Supplied information START

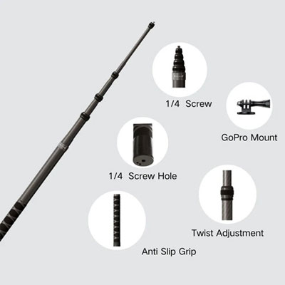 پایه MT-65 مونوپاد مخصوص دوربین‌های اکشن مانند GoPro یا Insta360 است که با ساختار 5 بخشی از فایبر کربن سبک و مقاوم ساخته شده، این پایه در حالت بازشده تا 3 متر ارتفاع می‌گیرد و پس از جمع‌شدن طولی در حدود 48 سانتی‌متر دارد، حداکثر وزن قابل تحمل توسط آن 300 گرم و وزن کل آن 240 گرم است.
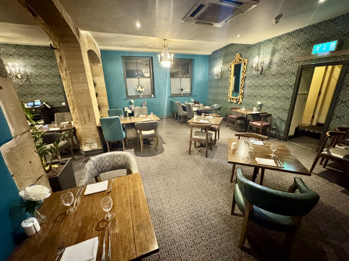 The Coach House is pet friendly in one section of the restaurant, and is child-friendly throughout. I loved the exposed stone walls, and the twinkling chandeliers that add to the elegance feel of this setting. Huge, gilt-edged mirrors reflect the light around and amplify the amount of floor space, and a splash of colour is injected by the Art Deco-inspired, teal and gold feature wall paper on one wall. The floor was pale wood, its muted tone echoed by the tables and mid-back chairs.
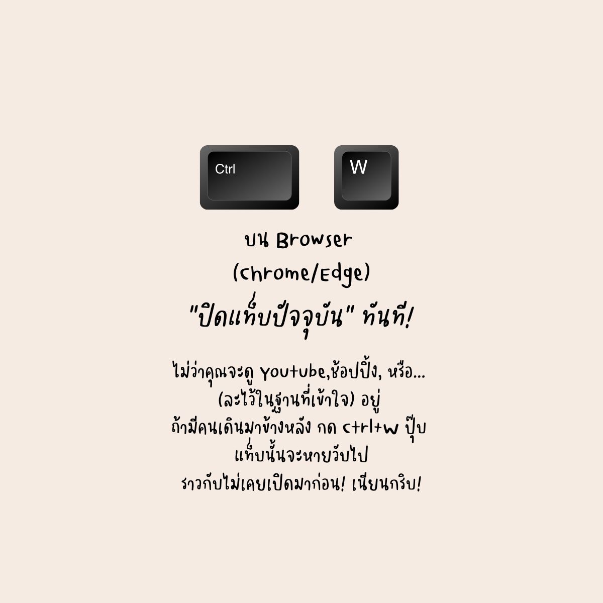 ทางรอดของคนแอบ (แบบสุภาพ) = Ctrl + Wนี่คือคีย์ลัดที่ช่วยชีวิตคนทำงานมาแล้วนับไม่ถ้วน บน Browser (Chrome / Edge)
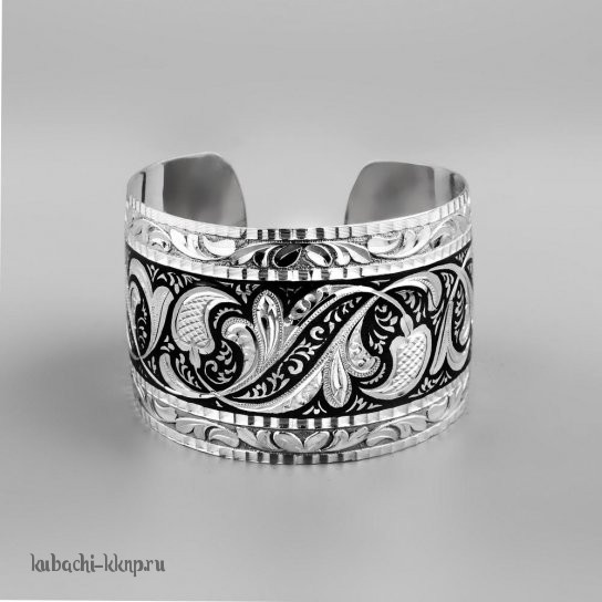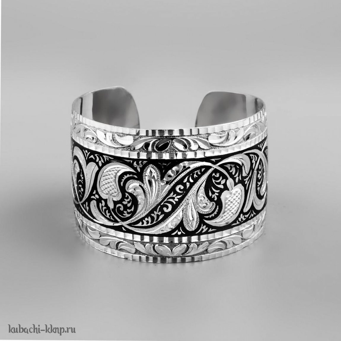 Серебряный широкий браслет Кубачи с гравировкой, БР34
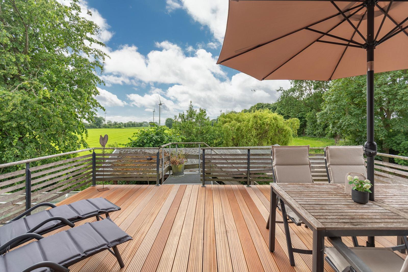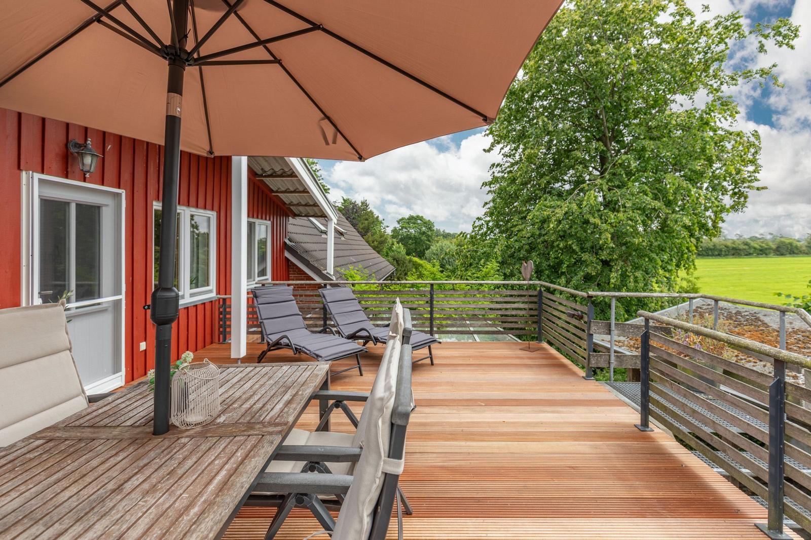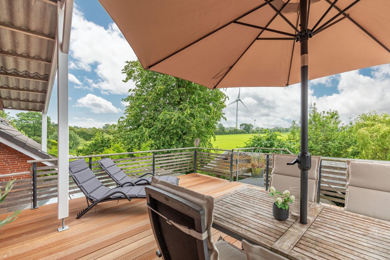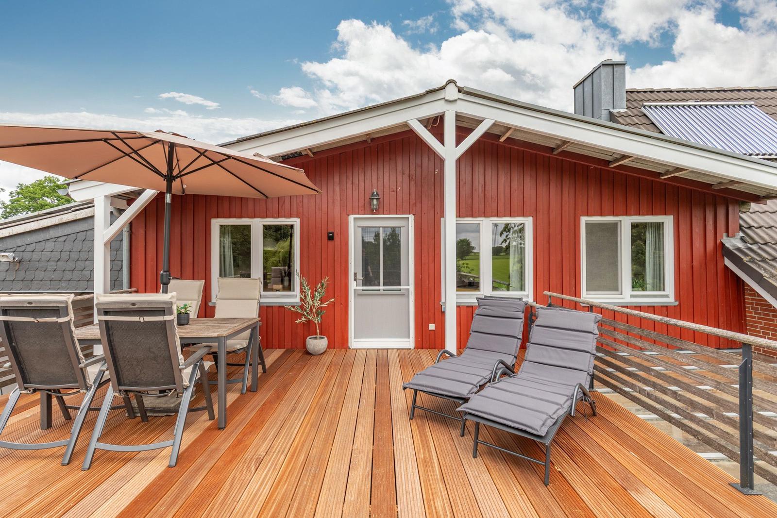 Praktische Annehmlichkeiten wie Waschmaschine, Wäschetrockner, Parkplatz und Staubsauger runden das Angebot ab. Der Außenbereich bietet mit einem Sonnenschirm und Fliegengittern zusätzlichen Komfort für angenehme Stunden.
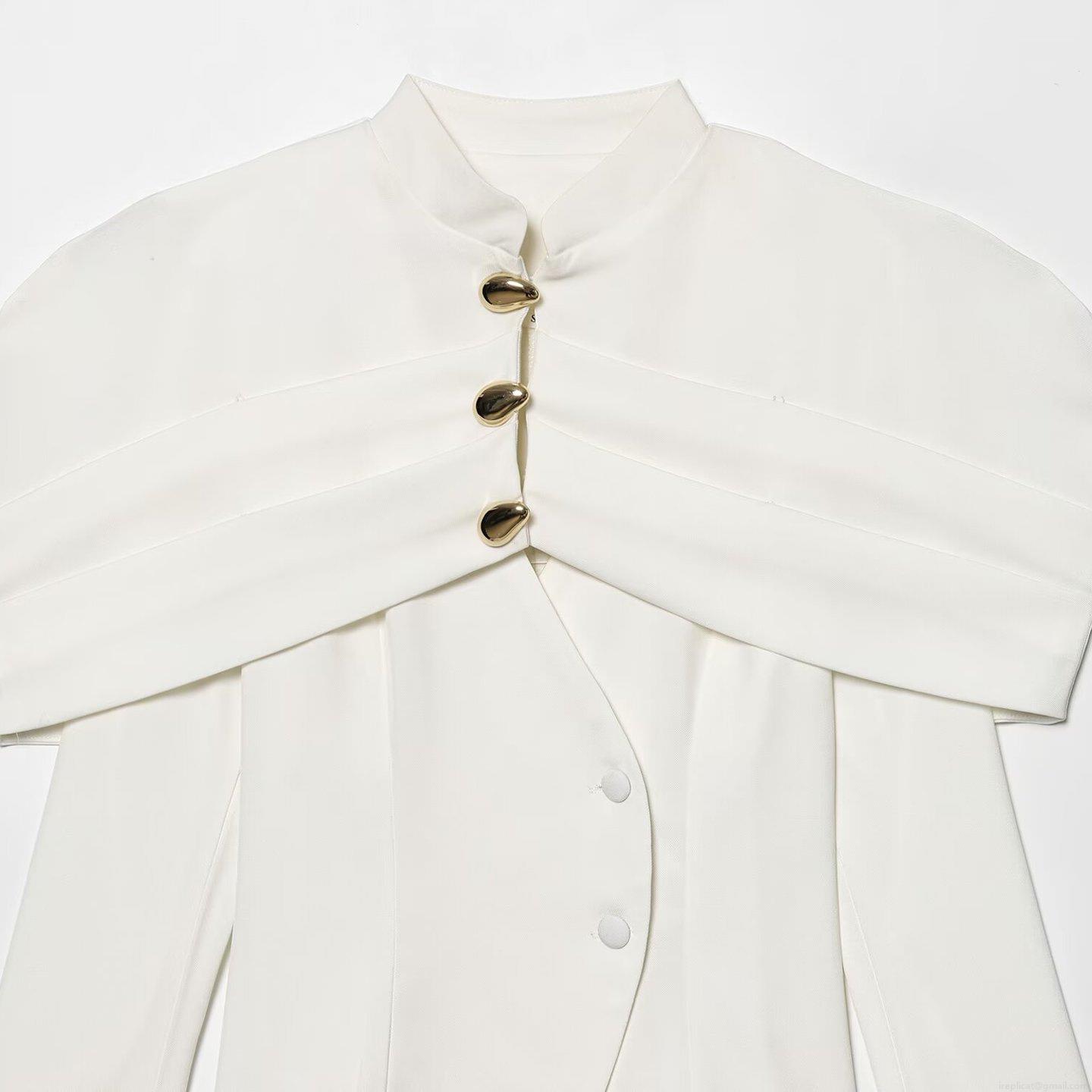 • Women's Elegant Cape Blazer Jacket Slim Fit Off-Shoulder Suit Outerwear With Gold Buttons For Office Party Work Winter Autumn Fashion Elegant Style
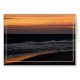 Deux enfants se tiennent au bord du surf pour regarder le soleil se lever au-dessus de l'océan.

Supplied information END
Supplied information START

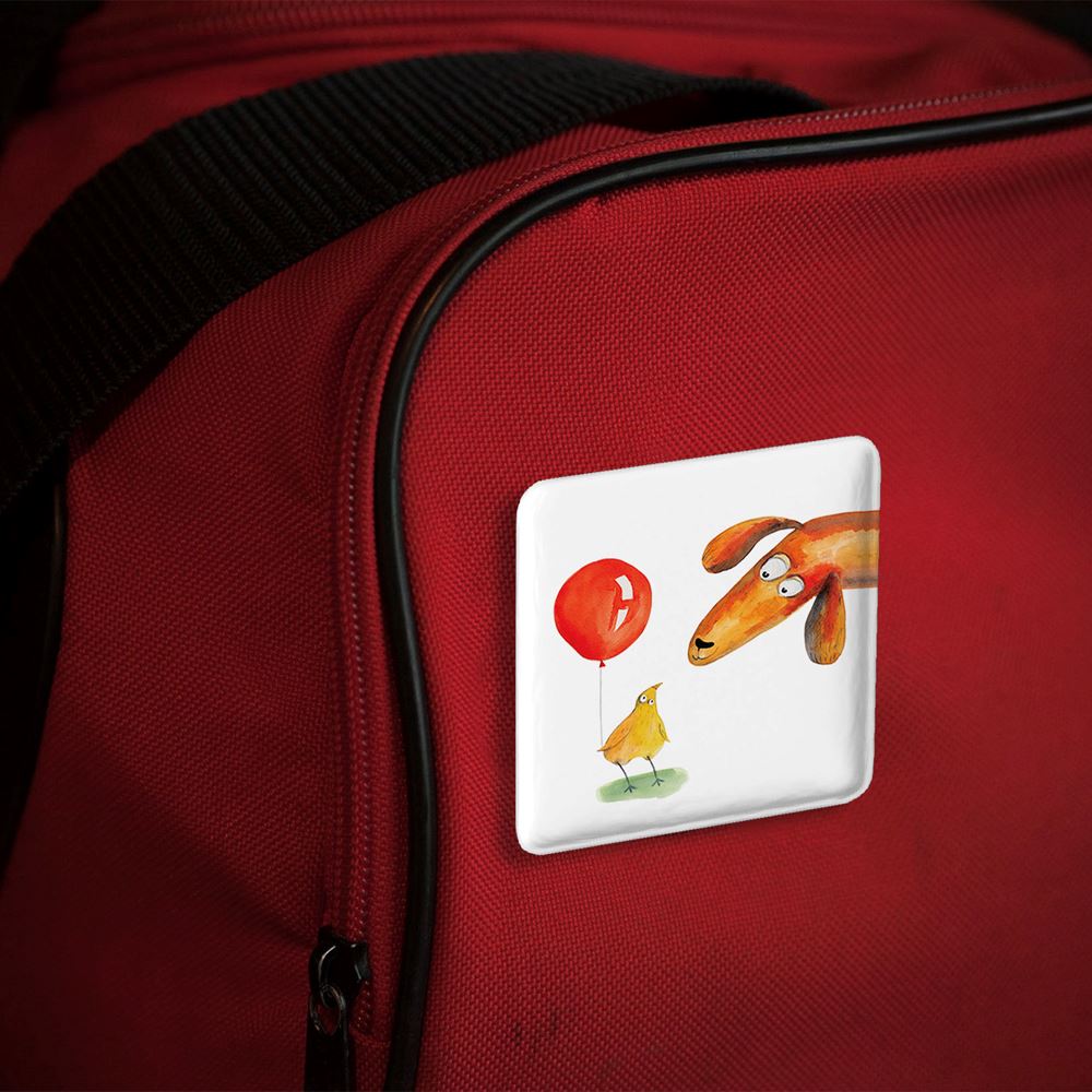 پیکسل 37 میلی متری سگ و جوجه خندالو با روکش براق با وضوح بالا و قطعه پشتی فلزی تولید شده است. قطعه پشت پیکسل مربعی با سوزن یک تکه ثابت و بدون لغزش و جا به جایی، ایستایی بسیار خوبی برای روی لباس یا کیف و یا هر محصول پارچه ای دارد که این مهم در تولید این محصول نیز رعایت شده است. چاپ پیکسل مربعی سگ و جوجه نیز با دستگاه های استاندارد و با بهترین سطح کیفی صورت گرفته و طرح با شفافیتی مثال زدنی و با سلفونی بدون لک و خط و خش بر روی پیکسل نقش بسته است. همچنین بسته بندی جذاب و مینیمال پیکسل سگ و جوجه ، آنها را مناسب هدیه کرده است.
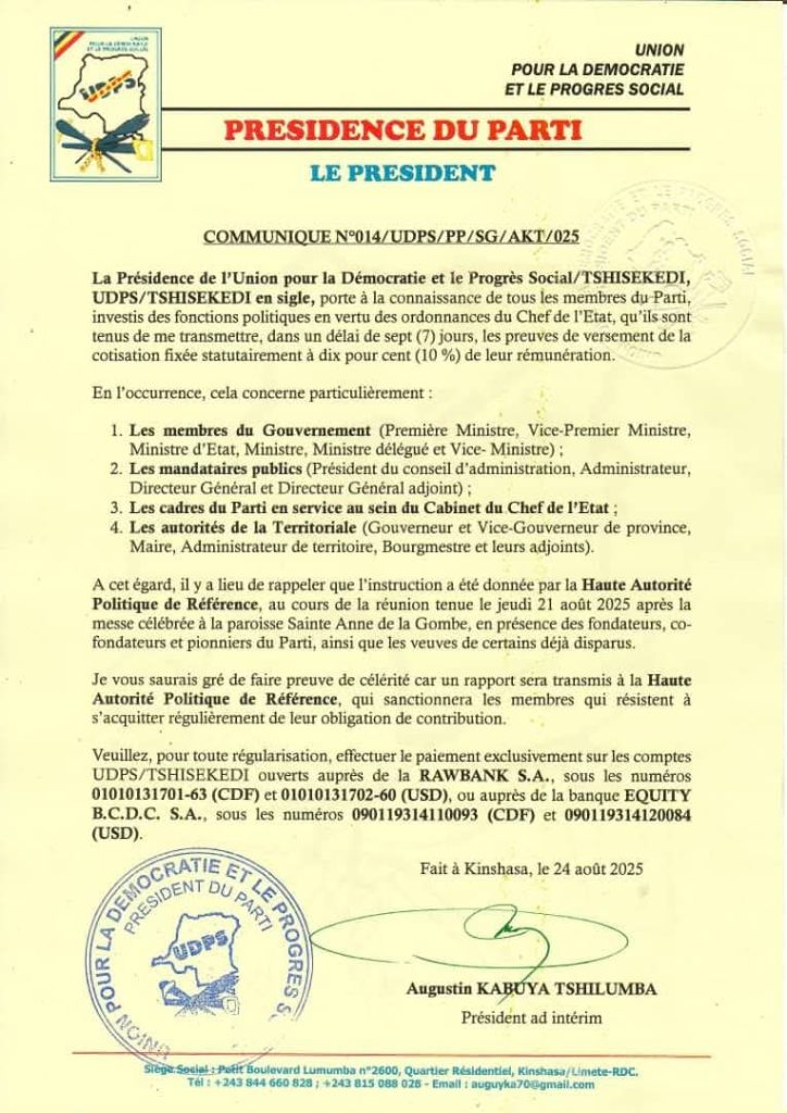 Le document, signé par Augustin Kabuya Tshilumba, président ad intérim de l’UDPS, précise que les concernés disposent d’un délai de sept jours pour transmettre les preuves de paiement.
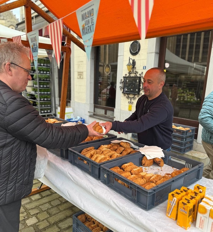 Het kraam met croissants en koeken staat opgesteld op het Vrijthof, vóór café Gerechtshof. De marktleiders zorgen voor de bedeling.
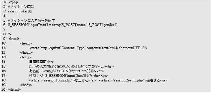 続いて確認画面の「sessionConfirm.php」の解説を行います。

Supplied information END
Supplied information START

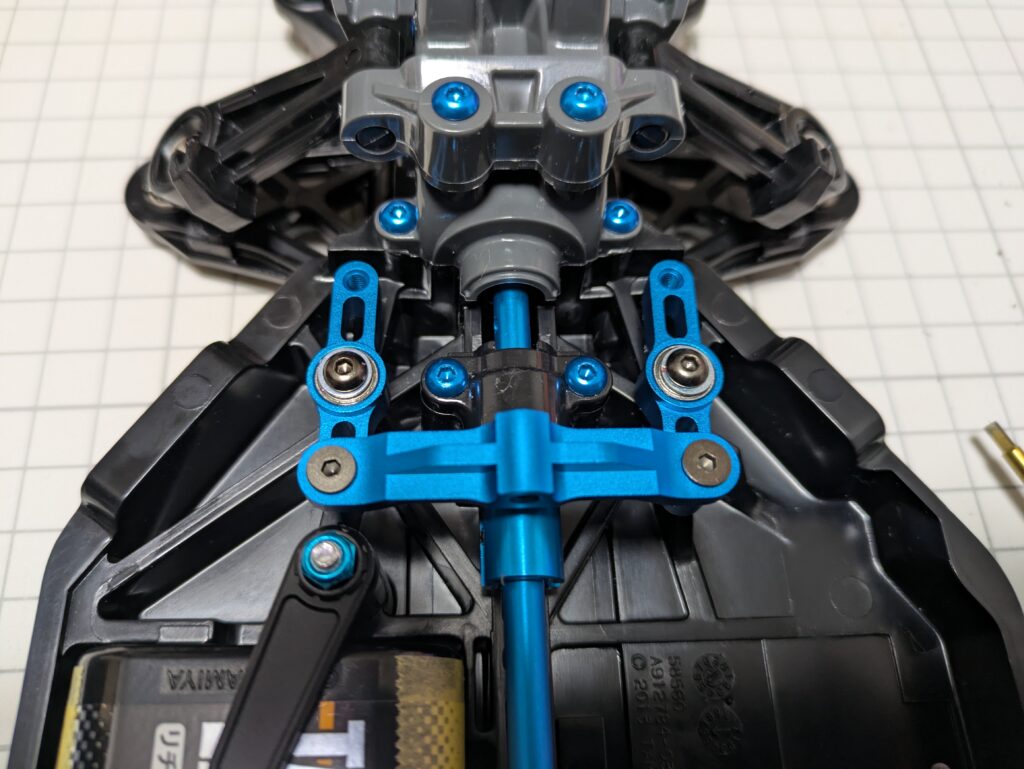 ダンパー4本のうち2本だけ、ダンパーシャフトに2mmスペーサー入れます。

Supplied information END

→ Work required
Output only the lines above from the line that holds "پایه MT-65 مونوپاد" through the line that holds "Deux enfants se", both ends included, and exclude pictures.

→ Answer for the task
 پایه MT-65 مونوپاد مخصوص دوربین‌های اکشن مانند GoPro یا Insta360 است که با ساختار 5 بخشی از فایبر کربن سبک و مقاوم ساخته شده، این پایه در حالت بازشده تا 3 متر ارتفاع می‌گیرد و پس از جمع‌شدن طولی در حدود 48 سانتی‌متر دارد، حداکثر وزن قابل تحمل توسط آن 300 گرم و وزن کل آن 240 گرم است.
 The Coach House is pet friendly in one section of the restaurant, and is child-friendly throughout. I loved the exposed stone walls, and the twinkling chandeliers that add to the elegance feel of this setting. Huge, gilt-edged mirrors reflect the light around and amplify the amount of floor space, and a splash of colour is injected by the Art Deco-inspired, teal and gold feature wall paper on one wall. The floor was pale wood, its muted tone echoed by the tables and mid-back chairs.
 ทางรอดของคนแอบ (แบบสุภาพ) = Ctrl + Wนี่คือคีย์ลัดที่ช่วยชีวิตคนทำงานมาแล้วนับไม่ถ้วน บน Browser (Chrome / Edge)
 Серебряный широкий браслет Кубачи с гравировкой, БР34
 Praktische Annehmlichkeiten wie Waschmaschine, Wäschetrockner, Parkplatz und Staubsauger runden das Angebot ab. Der Außenbereich bietet mit einem Sonnenschirm und Fliegengittern zusätzlichen Komfort für angenehme Stunden.
 • Women's Elegant Cape Blazer Jacket Slim Fit Off-Shoulder Suit Outerwear With Gold Buttons For Office Party Work Winter Autumn Fashion Elegant Style
 Deux enfants se tiennent au bord du surf pour regarder le soleil se lever au-dessus de l'océan.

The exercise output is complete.